### Assigned task
For the listing below, return the line containing "ગોવામાં પોરચુગાલ પોલીસે", the line containing "દુનીયામાં શાંતી કરાવનાર", and all lines in between, exactly as written and nothing else.

### Given information
-=-=-

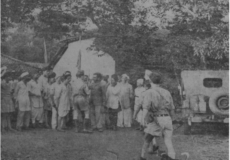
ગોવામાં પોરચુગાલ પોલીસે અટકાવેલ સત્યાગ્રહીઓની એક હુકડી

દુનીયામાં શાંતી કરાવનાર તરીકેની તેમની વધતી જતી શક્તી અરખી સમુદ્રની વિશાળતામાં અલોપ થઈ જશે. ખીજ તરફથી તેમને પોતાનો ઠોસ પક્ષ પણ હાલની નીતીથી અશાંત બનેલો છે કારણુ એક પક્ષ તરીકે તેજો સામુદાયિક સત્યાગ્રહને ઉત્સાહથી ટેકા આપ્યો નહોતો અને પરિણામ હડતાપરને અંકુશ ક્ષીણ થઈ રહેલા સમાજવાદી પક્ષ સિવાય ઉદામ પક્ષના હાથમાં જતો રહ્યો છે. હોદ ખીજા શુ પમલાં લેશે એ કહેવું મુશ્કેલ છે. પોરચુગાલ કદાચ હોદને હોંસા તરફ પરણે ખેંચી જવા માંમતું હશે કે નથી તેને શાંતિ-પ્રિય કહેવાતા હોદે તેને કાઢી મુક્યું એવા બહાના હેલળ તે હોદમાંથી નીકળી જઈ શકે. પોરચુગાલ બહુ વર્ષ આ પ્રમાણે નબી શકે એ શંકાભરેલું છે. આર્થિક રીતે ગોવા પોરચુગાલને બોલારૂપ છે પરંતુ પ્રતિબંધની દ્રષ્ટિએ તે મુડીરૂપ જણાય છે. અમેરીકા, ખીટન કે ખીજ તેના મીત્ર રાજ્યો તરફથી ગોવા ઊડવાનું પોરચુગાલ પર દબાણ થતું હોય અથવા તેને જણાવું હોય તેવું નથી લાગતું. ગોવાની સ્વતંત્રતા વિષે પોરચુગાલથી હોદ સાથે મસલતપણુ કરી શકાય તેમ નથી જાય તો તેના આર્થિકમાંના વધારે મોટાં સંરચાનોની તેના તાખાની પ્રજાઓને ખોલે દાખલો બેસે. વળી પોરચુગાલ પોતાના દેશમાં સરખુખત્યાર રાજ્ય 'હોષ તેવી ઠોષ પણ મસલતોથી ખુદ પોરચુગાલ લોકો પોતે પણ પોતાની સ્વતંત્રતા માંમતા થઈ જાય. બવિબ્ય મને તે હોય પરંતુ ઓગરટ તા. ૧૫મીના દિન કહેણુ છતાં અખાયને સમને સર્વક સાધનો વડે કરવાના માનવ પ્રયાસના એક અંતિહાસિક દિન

-=-=-

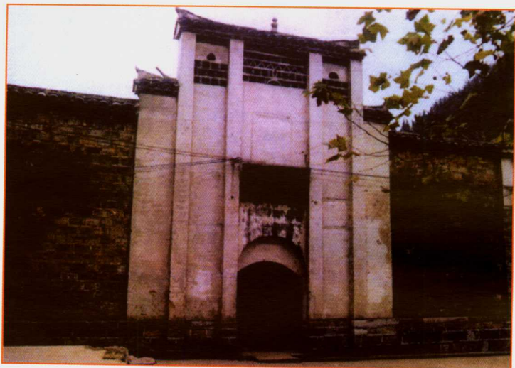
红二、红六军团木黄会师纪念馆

-=-=-

### Your response
ગોવામાં પોરચુગાલ પોલીસે અટકાવેલ સત્યાગ્રહીઓની એક હુકડી

દુનીયામાં શાંતી કરાવનાર તરીકેની તેમની વધતી જતી શક્તી અરખી સમુદ્રની વિશાળતામાં અલોપ થઈ જશે. ખીજ તરફથી તેમને પોતાનો ઠોસ પક્ષ પણ હાલની નીતીથી અશાંત બનેલો છે કારણુ એક પક્ષ તરીકે તેજો સામુદાયિક સત્યાગ્રહને ઉત્સાહથી ટેકા આપ્યો નહોતો અને પરિણામ હડતાપરને અંકુશ ક્ષીણ થઈ રહેલા સમાજવાદી પક્ષ સિવાય ઉદામ પક્ષના હાથમાં જતો રહ્યો છે. હોદ ખીજા શુ પમલાં લેશે એ કહેવું મુશ્કેલ છે. પોરચુગાલ કદાચ હોદને હોંસા તરફ પરણે ખેંચી જવા માંમતું હશે કે નથી તેને શાંતિ-પ્રિય કહેવાતા હોદે તેને કાઢી મુક્યું એવા બહાના હેલળ તે હોદમાંથી નીકળી જઈ શકે. પોરચુગાલ બહુ વર્ષ આ પ્રમાણે નબી શકે એ શંકાભરેલું છે. આર્થિક રીતે ગોવા પોરચુગાલને બોલારૂપ છે પરંતુ પ્રતિબંધની દ્રષ્ટિએ તે મુડીરૂપ જણાય છે. અમેરીકા, ખીટન કે ખીજ તેના મીત્ર રાજ્યો તરફથી ગોવા ઊડવાનું પોરચુગાલ પર દબાણ થતું હોય અથવા તેને જણાવું હોય તેવું નથી લાગતું. ગોવાની સ્વતંત્રતા વિષે પોરચુગાલથી હોદ સાથે મસલતપણુ કરી શકાય તેમ નથી જાય તો તેના આર્થિકમાંના વધારે મોટાં સંરચાનોની તેના તાખાની પ્રજાઓને ખોલે દાખલો બેસે. વળી પોરચુગાલ પોતાના દેશમાં સરખુખત્યાર રાજ્ય 'હોષ તેવી ઠોષ પણ મસલતોથી ખુદ પોરચુગાલ લોકો પોતે પણ પોતાની સ્વતંત્રતા માંમતા થઈ જાય. બવિબ્ય મને તે હોય પરંતુ ઓગરટ તા. ૧૫મીના દિન કહેણુ છતાં અખાયને સમને સર્વક સાધનો વડે કરવાના માનવ પ્રયાસના એક અંતિહાસિક દિન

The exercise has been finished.